%matplotlib inline
Available pretrain models
We pretrained models on preprocessed high-quality spatial transcriptomics data, and realised them for transfer learning for new spatial data, so that people can do segmentation from scratch without providing coarse pre-trained labels. Currently we cover pre-trained models from multiple tissues and spatial technologies.
Import packages & data
import random
import numpy as np
import pandas as pd
import tifffile as tiff
import matplotlib.pyplot as plt
import Bering as br
Pre-train model for ISS hippocampus
This model is pre-trained on ISS (pciSeq) hippocampus data. Available labels contains subtypes of neuron and non-neurons.

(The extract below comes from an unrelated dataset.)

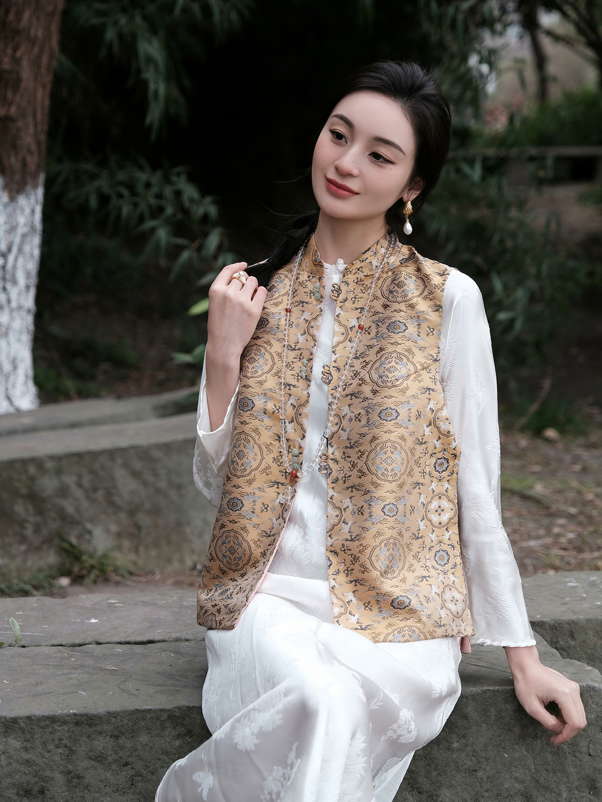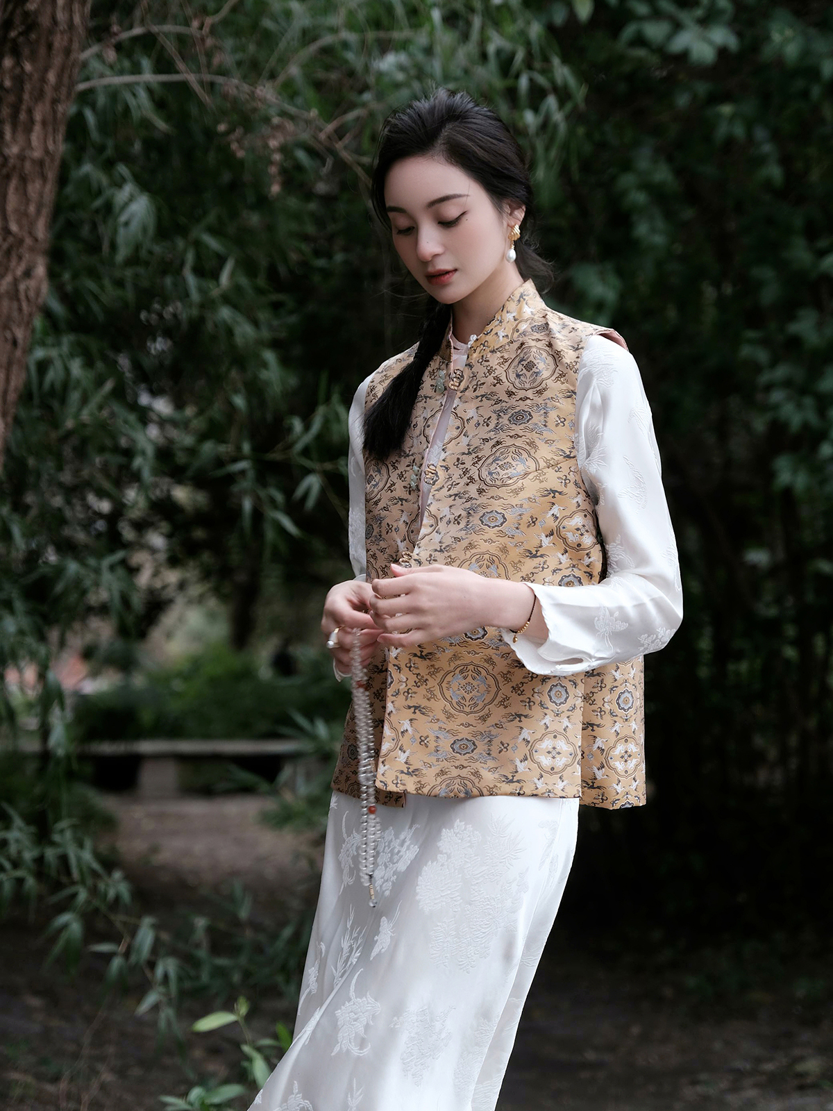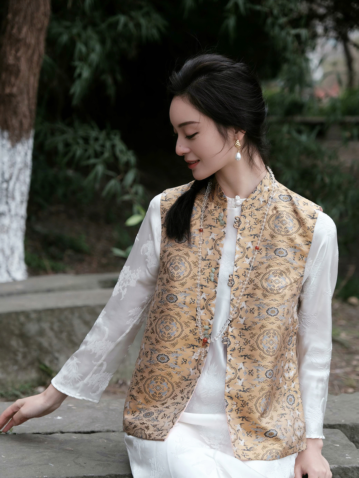 盛唐牡丹 |鹤鹿同春宋锦双面穿马甲

bg = br.datasets.model_iss_ca1_qian()
# parameters of node classification model
bg.trainer_node.model.parameters()
# parameters of edge prediction model
bg.trainer_edge.model.parameters()
# available labels for node classification
bg.labels
# number of input node features
bg.n_node_features
Other available models
Cortex (MERFISH): br.datasets.model_iss_ca1_qian()
Lung cancer (Cosmx): br.datasets.model_cosmx_nsclc_he()
Breast cancer (Xenium): br.datasets.model_xenium_dcis_janesick()
Hippocampus (pciSeq): br.datasets.model_iss_ca1_qian()
More pretrained models will be added.